I drive a six year old Volvo. It’s a nice car. The headline says I love it, but really I just like it a lot. I also like my ten year old motorcycle, my house in the suburbs and the other stuff that fills the house.
Is that okay?
I mean, I’m a Catholic priest. I’m supposed to be living in poverty and all that?
Yes and no. I’m a Diocesan priest. I haven’t taken a vow of poverty, but I am supposed to live in “apostolic simplicity.” What does that mean?
Simplicity means loving all things according to their worth and being detached from the inordinate love of them in order to love them properly and proportionately. What does that mean?
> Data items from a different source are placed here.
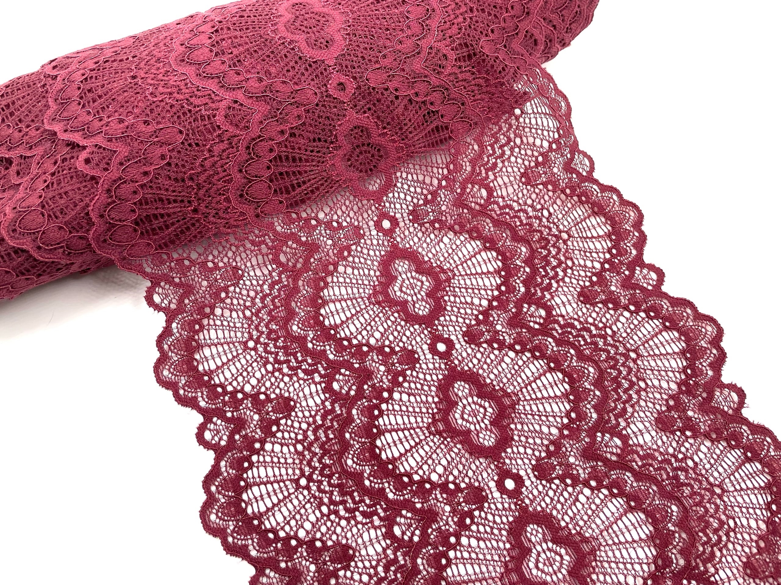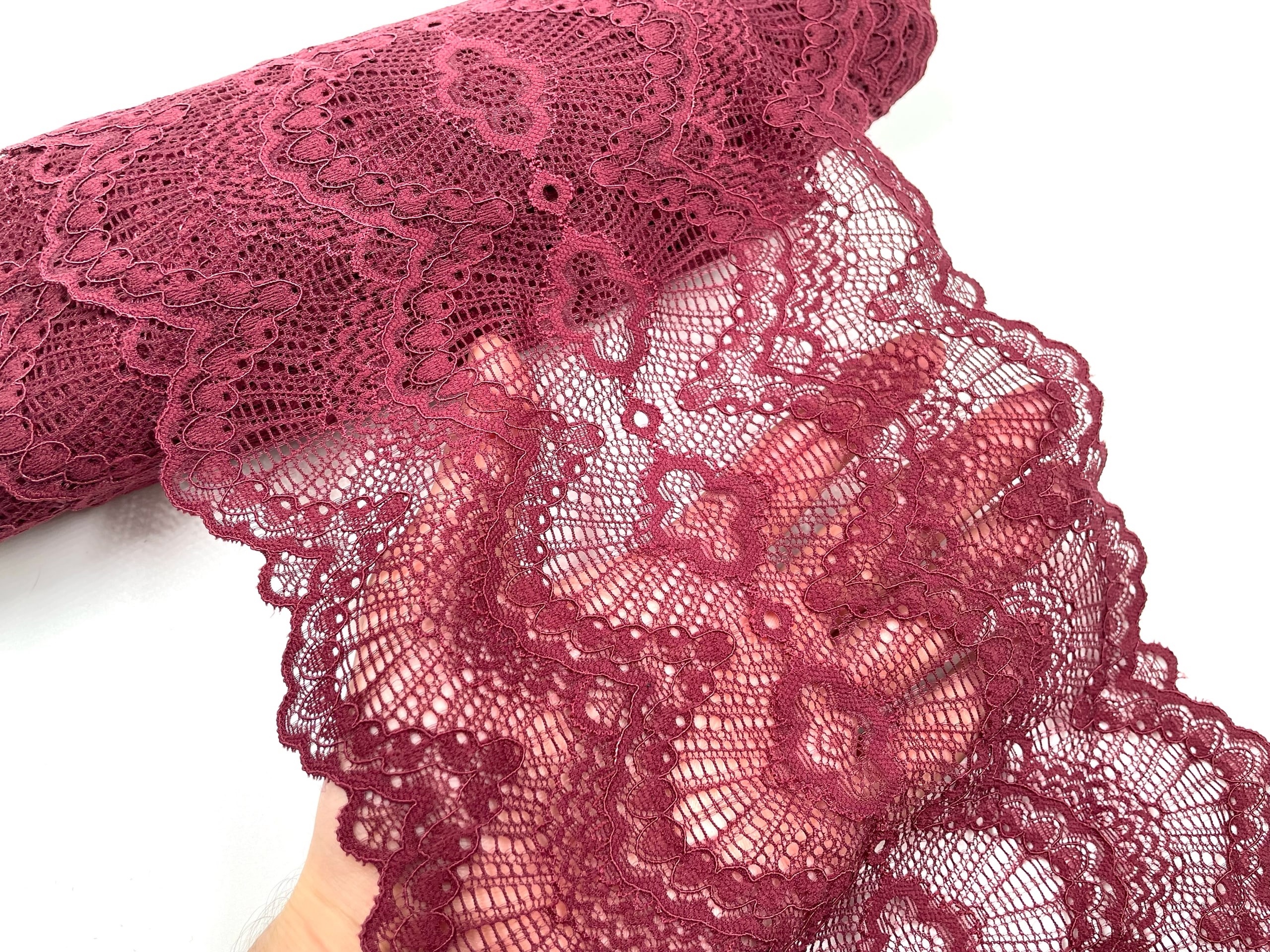 Очень нежное и воздушное эластичное кружево. Мягкое, бархатистое, очень приятное к телу. Хорошо тянется. Идеально подходит для нижнего белья, одежды, домашнего текстиля и других изделий.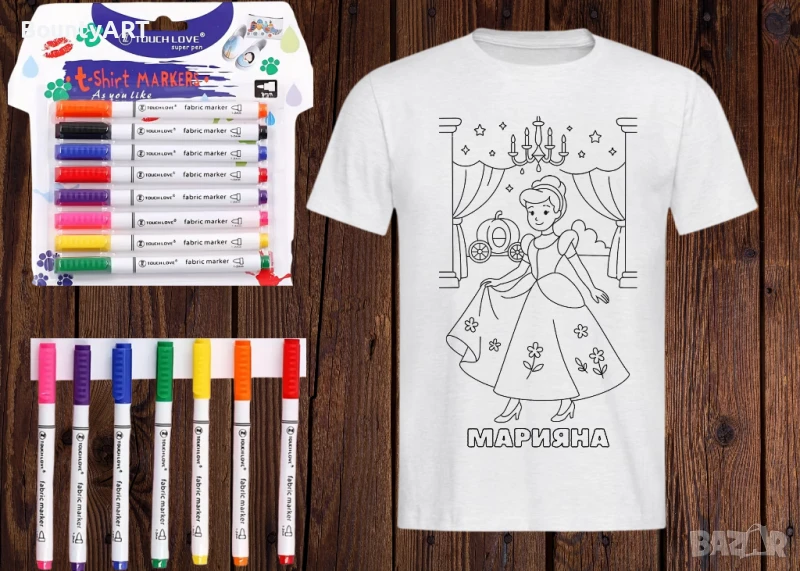 Детски Арт комплект за оцветяване. Тениска+ маркери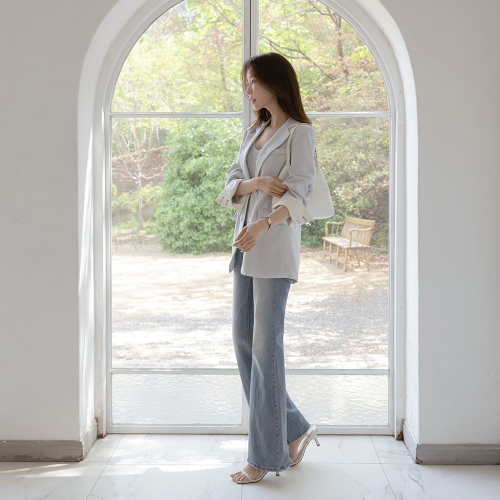 Hems Cutting Washing Boot-Cut Span Denim Pants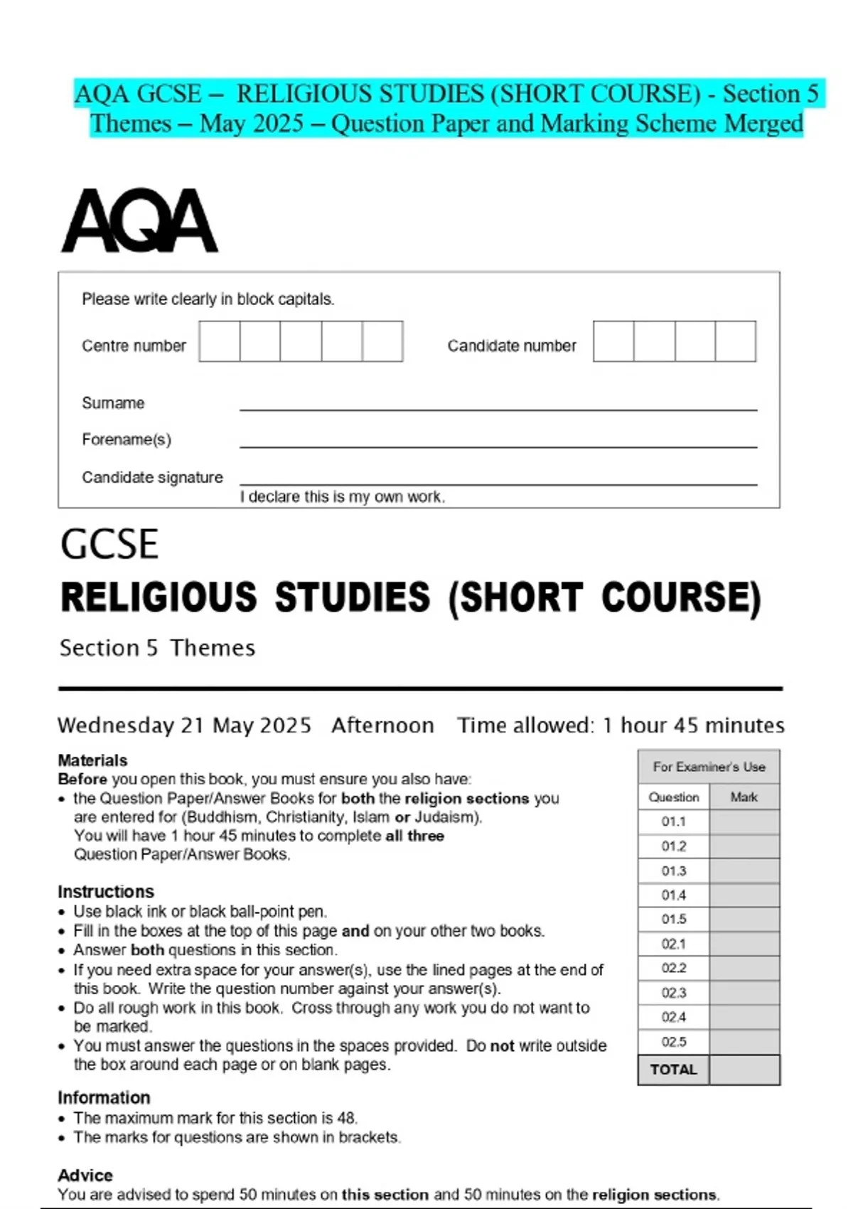 AQA GCSE - RELIGIOUS STUDIES (SHORT COURSE) - Section 5 Themes - May 2025 - Question Paper and Marking Scheme Merged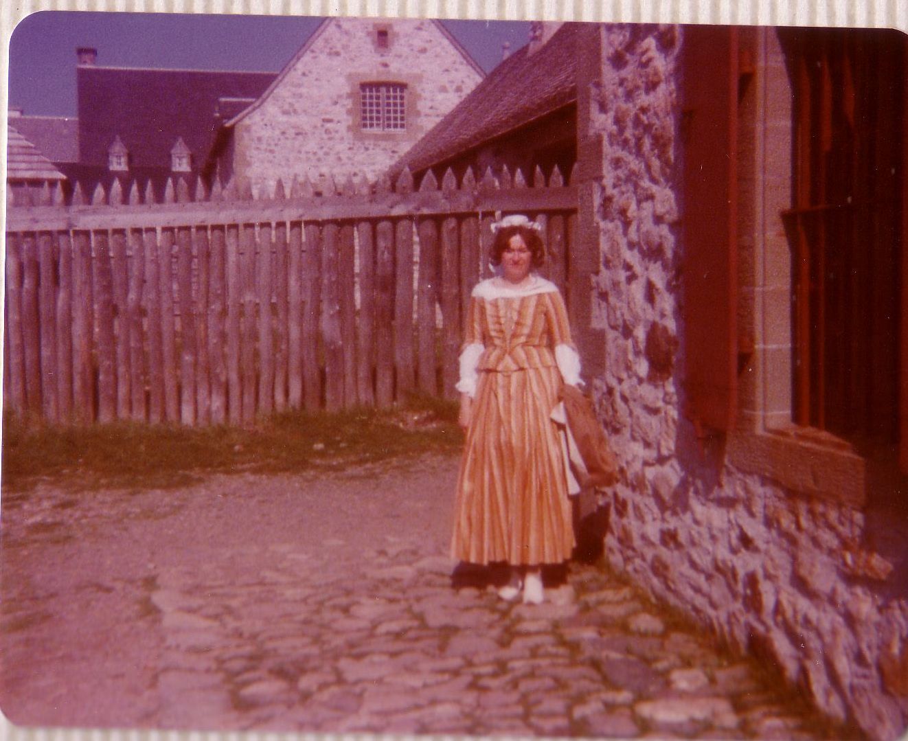 As members of the Fortress of Louisbourg Volunteers, from time to time, in the first couple of years, Lynda and I played a role in costume in special events: Me as a soldier; Lynda as an inhabitant. Lynda continued her costume days later when she became manager (1979) of the on site De La Plagne House coffee and pastry shop operated by the Volunteer organization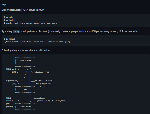 Pion TURN is a Go toolkit for building TURN servers and clients. We wrote it to solve problems we had when building RTC projects. Deployable - Use modern tooling of the Go ecosystem. Stop generating config files. Embeddable - Include pion/turn in your existing applications. No need to manage another service. Extendable - TURN as an API so you can easily integrate with your existing monitoring and metrics. Maintainable - pion/turn is simple and well documented. Designed for learning and easy debugging. Portable - Quickly deploy to multiple architectures/platforms just by setting an environment variable. Safe - Stability and safety is important for network services. Go provides everything we need. Scalable - Create allocations and mutate state at runtime. Designed to make scaling easy. pion/turn is an API for building STUN/TURN clients and servers, not a binary you deploy then configure.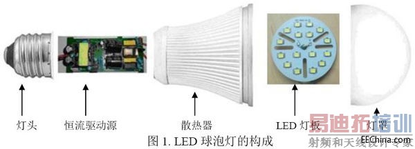 对于球泡灯来说,它的构成已经是非常接近标准化的了。它主要是由三大部分构成:LED光源、恒流驱动电源、散热器和外壳(包括灯头和灯罩)。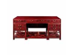 8抽辦公臺,非洲花梨材質(zhì)。本身已具有條紋和交錯紋理共同構(gòu)成特殊的美麗花紋,再加上工匠的精心打造,更是美輪美奐,整體造型典雅而莊重。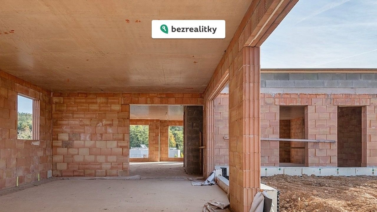 Nabízím ke koupi stavbu dvoupodlažního bezbariérového rodinného domu s dispozicí 6+kk s garáží pro dva vozy, s výtahem, bazénem a saunou. Nemovitost má platné stavební povolení a je připravena k prodeji ve fázi dokončené hrubé stavby nosných stěn, včetně střechy s kompletně dokončenými svody s retenčním a vsakovacím objektem, příjezdovou komunikací a všemi přípojkami technické infrastruktury (voda, kanalizace, elektřina, optický kabel).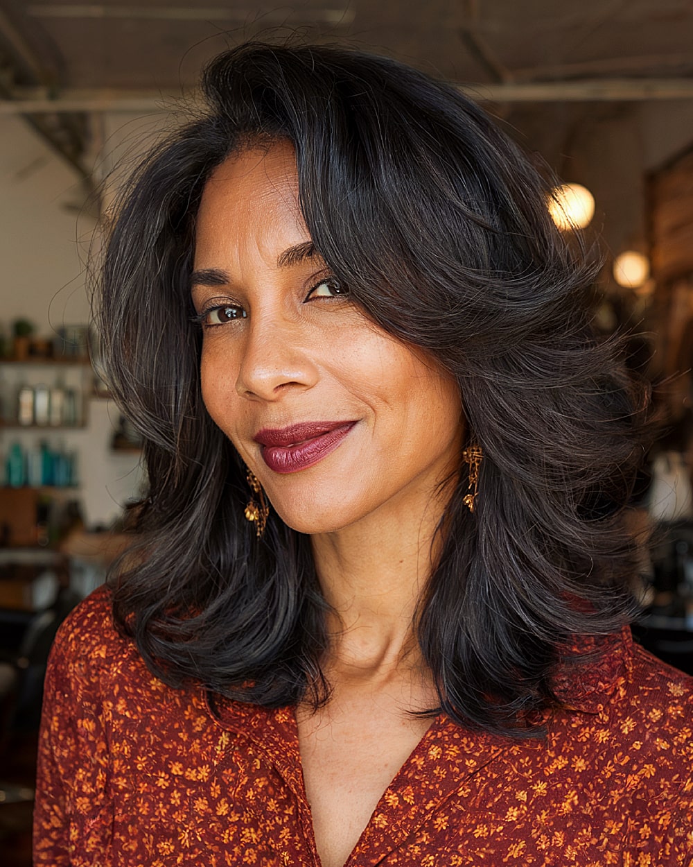 Rich auburn tones and voluminous layering bring this butterfly cut to life. The exaggerated front swoop from the deep side part adds height and drama—especially flattering on fuller cheeks or rounder face shapes. Best suited for women in their 40s with thick, coarse hair that can hold structured layering. One caution—daily styling is needed to maintain the lift and flow. The vibrancy of the color makes this one stand out.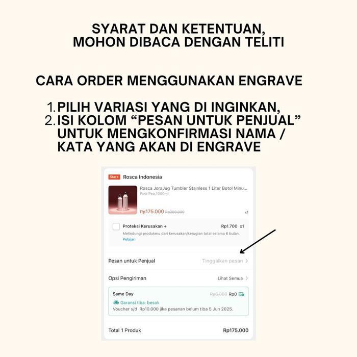 ENGRAVED Rosca JoraJug Tumbler Stainless 1 Liter Botol Minum 1 Liter Tahan Panas / Dingin Portable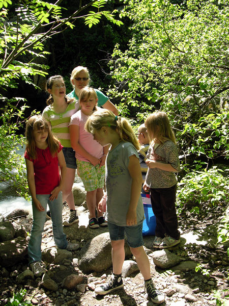 Group along the No Name Creek (Sarah, Maya, Mary, Lizzy, Lexi, Emma and Isaac just showing in back)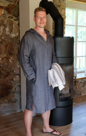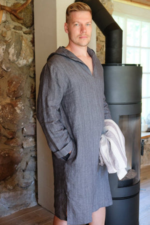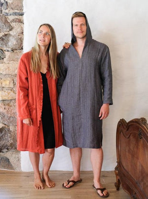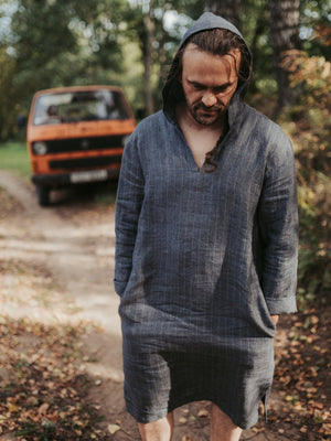 Linen kaftans for men are a great choice for loungewear around the house, after the gym, walking the dog or you name it. Those who wear them, love them. This linen kaftan for men features two inseam pockets and a hood making it an incredibly comfortable choice. The length is over-the-knee and has two slits for greater comfort of movement.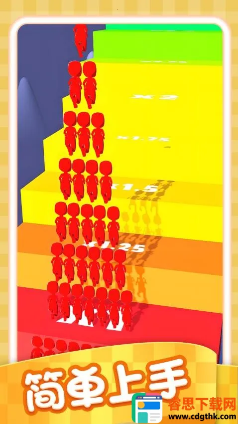 2. 自动前进设定:角色自动前进,玩家只需左右移动火柴人军团,轻松抵达终点,操作简便。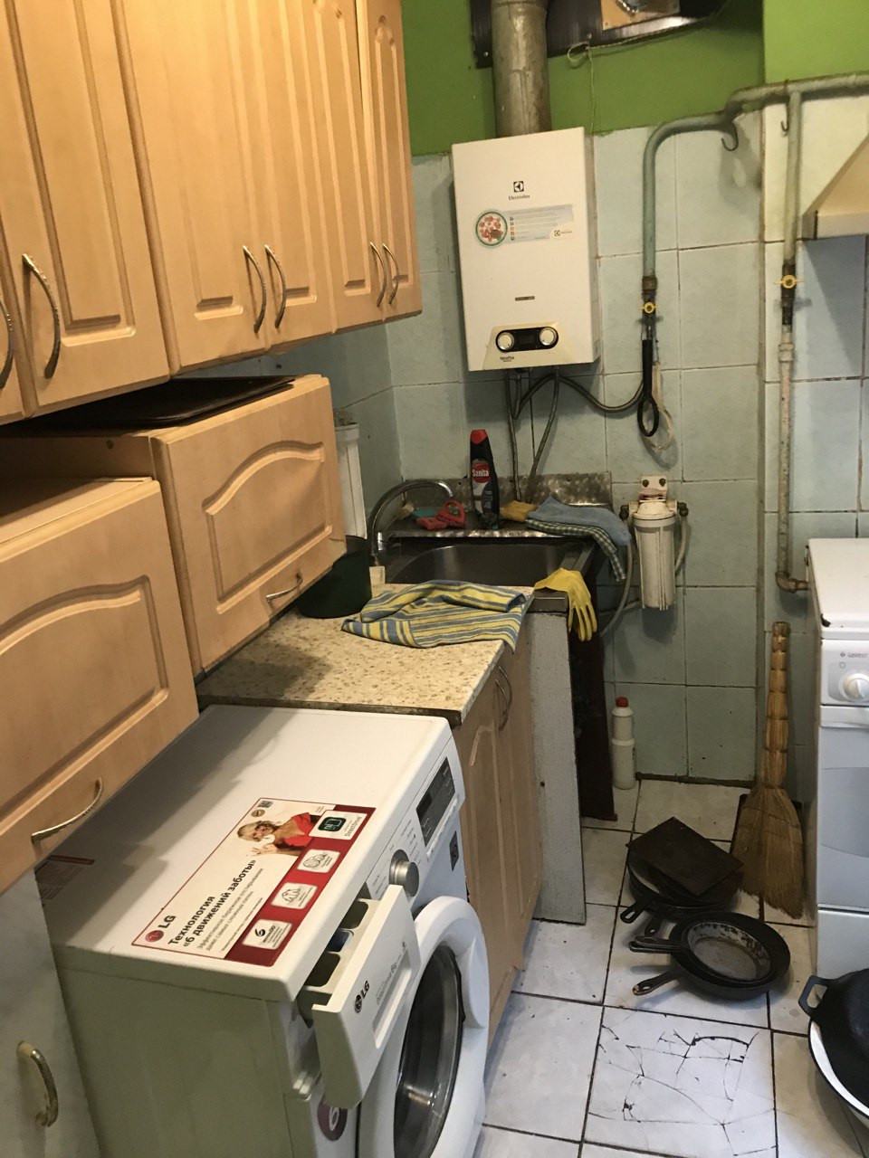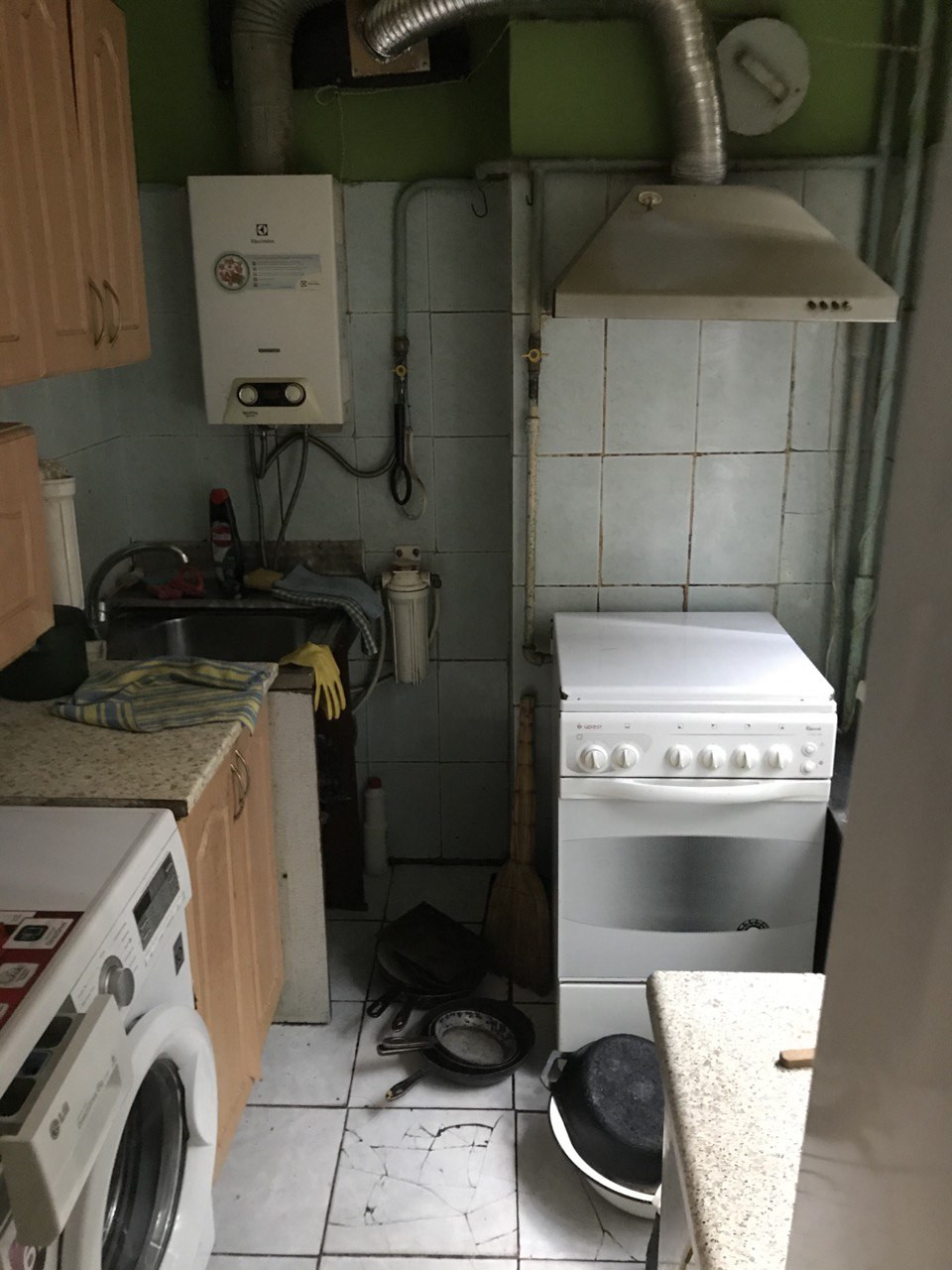 На кухне газовые плита и водонагреватель для ГВС.

Let’s take my Volvo as an example. What is a car for? It’s for getting you from A to B safely and in a moderate level of comfort. So that’s what I love my Volvo for. It is a means of transport. I love it for that value. It’s a machine to get me safely from here to there. Why else might I love it? I love it for its beautiful and efficient design. I love it for its reliability and history. This is the proper love of a car.
An improper love of a car is when I love it because I get an ego surge because I’m rich enough to own that kind of car. An improper love of the car is when it is a status symbol. An improper love of the car is for the testosterone boost when I speed down the highway and pass other cars on purpose. An improper love of the car is when I use it to show off and think myself better than another person. An improper love of the car is when I value it as a “good investment” and plan to make money with it. An improper love of the car is using it as a sex symbol.
The right love of a Volvo is not only proper–it is proportionate. In other words, the love of the Volvo is relegated to its proper place in my other loves. I love God first, my family second, other people, my vocation—lots of other things more than I love my Volvo. My love for the Volvo is therefore okay as long as it is loved the proper way and in the proper place amongst my other loves.
This should be our attitude to all our wealth, all our property, all our “stuff”. The poet Thomas Traherne said, “Can a man be just unless he loves all things according to their worth.”
This is what he meant: to be properly detached from material goods is to be properly attached to them for their true value.
Everything else is a distortion which leads to covetousness, idolatry, greed and violence.